[[ Data for this task, beginning ]]
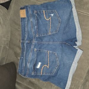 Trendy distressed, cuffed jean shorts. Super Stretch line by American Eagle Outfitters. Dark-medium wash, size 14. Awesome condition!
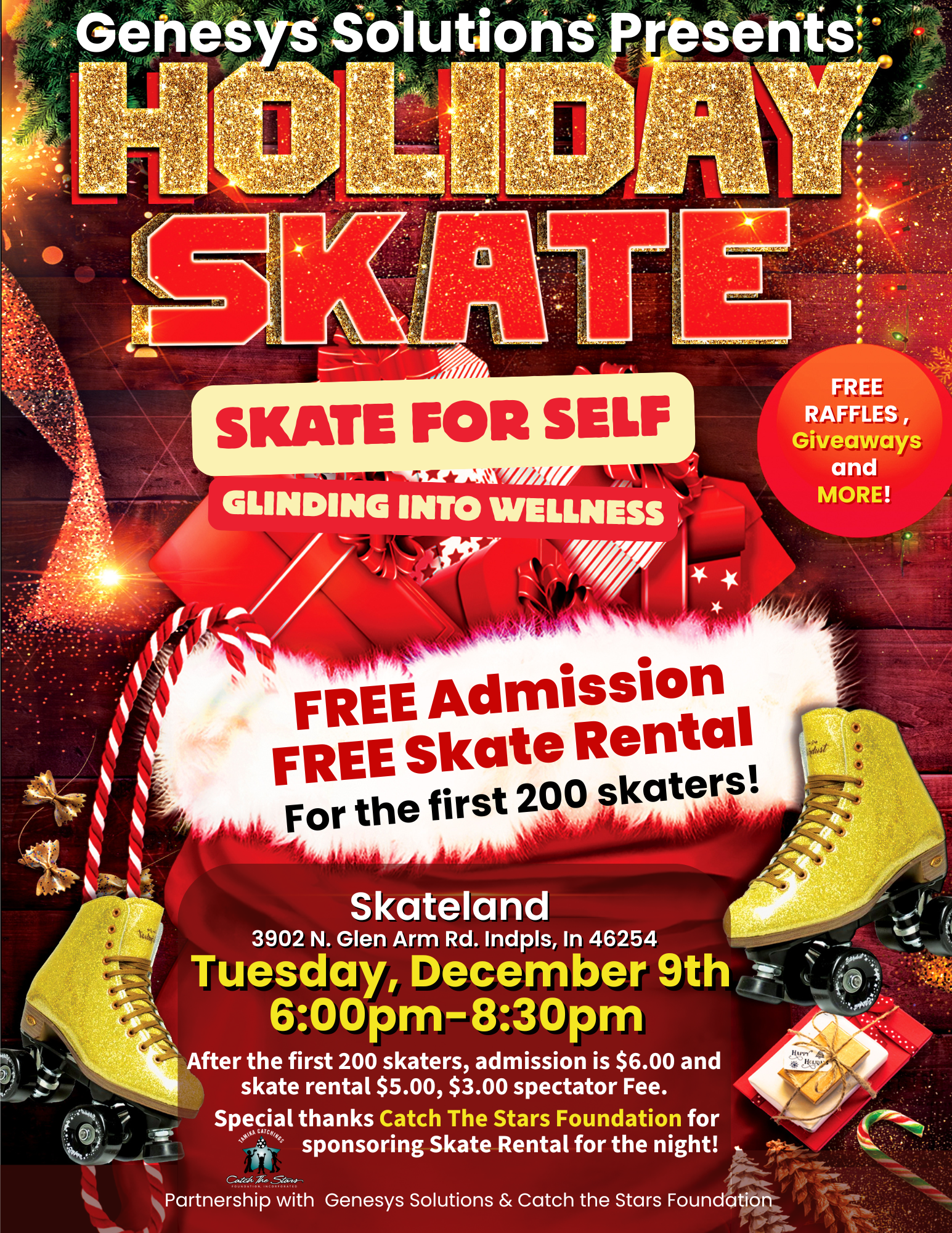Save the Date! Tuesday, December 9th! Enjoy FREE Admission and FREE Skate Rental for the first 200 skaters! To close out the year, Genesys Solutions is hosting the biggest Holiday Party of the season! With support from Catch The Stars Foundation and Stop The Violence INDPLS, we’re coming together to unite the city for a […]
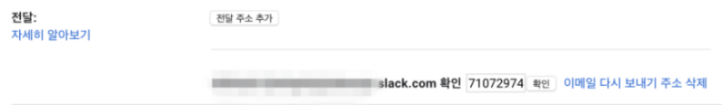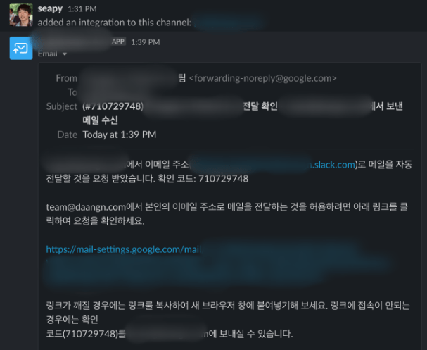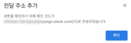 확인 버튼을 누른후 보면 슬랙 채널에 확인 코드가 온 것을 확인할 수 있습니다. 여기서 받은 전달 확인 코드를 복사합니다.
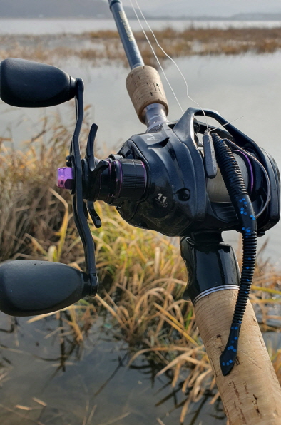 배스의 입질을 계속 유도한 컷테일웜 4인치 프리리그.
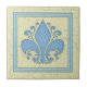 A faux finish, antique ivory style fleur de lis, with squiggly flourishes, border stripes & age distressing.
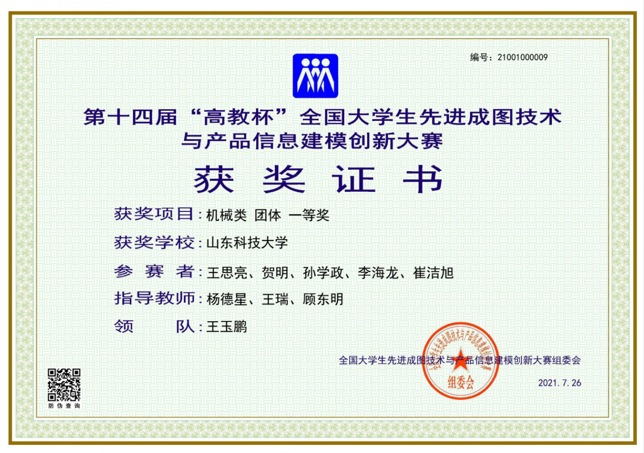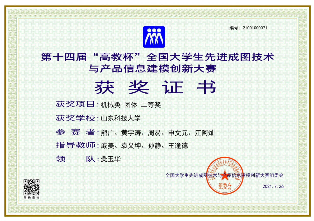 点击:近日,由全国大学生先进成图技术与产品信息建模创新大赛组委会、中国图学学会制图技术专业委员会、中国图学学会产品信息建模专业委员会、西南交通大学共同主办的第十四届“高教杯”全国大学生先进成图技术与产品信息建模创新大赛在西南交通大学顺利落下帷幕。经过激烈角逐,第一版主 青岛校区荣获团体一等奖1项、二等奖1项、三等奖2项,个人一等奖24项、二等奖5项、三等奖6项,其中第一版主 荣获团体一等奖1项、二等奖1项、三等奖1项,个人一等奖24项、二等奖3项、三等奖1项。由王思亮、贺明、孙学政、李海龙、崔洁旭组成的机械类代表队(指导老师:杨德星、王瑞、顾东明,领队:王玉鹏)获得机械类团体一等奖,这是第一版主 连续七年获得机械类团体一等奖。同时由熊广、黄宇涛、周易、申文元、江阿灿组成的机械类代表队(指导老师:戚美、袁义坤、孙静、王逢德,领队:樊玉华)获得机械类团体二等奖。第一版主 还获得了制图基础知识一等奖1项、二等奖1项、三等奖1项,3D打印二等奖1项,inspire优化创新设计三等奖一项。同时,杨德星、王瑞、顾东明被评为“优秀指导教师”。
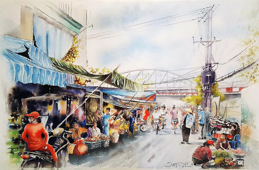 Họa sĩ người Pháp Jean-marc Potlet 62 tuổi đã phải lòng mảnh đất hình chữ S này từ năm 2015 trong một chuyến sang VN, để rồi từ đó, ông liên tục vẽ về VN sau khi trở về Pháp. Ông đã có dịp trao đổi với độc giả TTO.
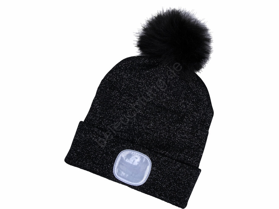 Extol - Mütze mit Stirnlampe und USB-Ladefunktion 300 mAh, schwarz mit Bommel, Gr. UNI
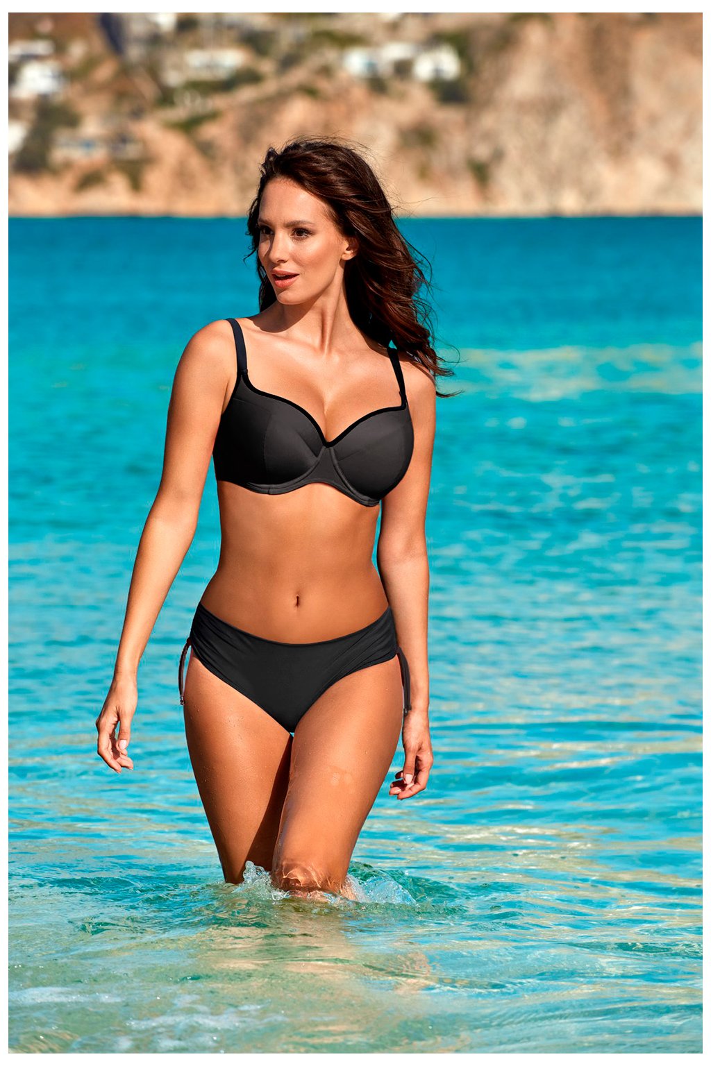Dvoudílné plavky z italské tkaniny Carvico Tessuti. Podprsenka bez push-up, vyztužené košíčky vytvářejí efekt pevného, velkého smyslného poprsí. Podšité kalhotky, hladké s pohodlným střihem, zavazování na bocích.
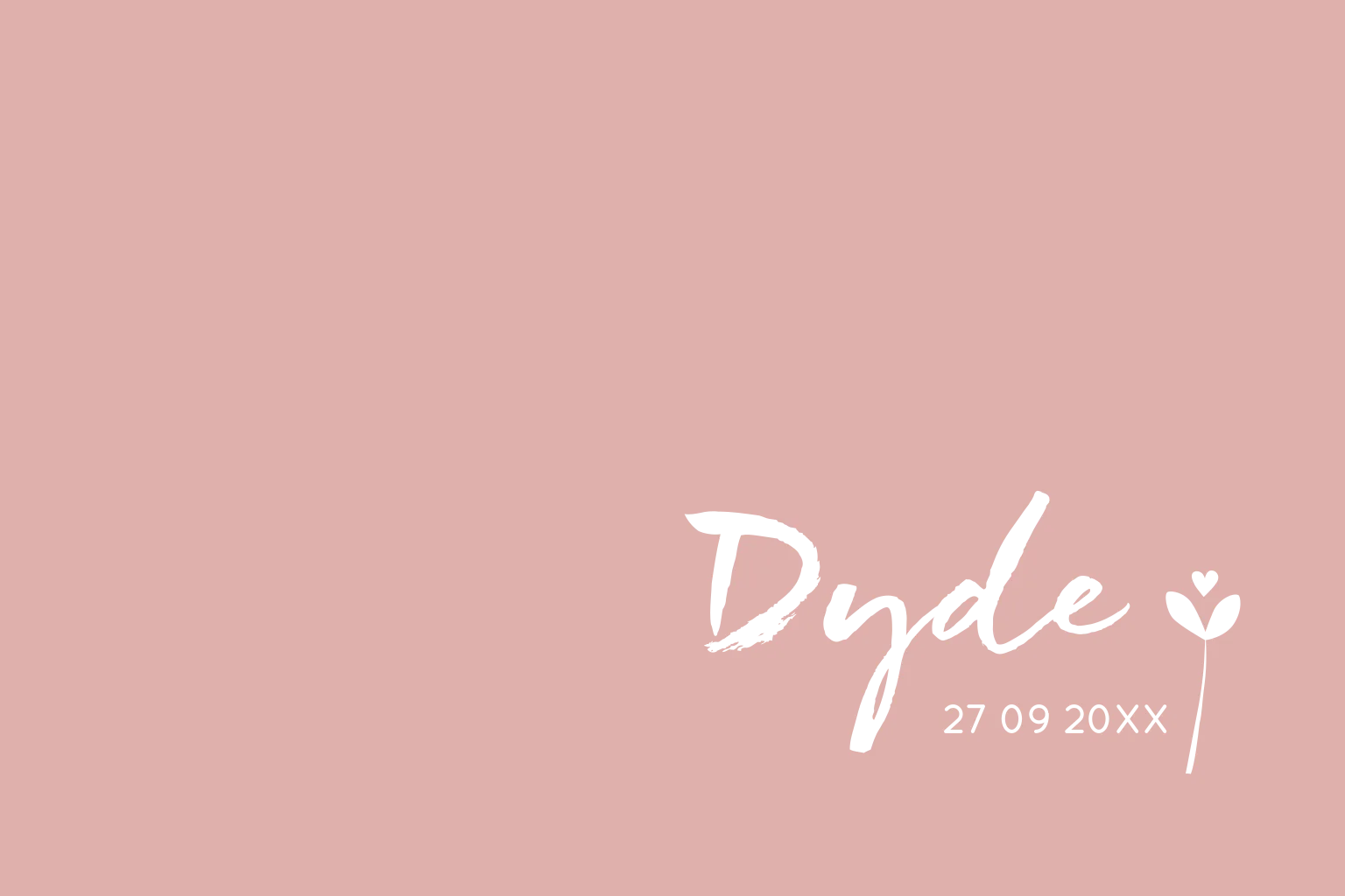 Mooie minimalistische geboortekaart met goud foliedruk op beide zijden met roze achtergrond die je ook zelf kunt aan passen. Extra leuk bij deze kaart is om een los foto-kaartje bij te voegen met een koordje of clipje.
[[ Data for this task, end ]]
Copy the final stretch of the entries exactly: the line containing "Extol - Mütze" and every line after it through the last. Include no pictures and nothing more.

### Exercise answer
 Extol - Mütze mit Stirnlampe und USB-Ladefunktion 300 mAh, schwarz mit Bommel, Gr. UNI
Dvoudílné plavky z italské tkaniny Carvico Tessuti. Podprsenka bez push-up, vyztužené košíčky vytvářejí efekt pevného, velkého smyslného poprsí. Podšité kalhotky, hladké s pohodlným střihem, zavazování na bocích.
 Mooie minimalistische geboortekaart met goud foliedruk op beide zijden met roze achtergrond die je ook zelf kunt aan passen. Extra leuk bij deze kaart is om een los foto-kaartje bij te voegen met een koordje of clipje.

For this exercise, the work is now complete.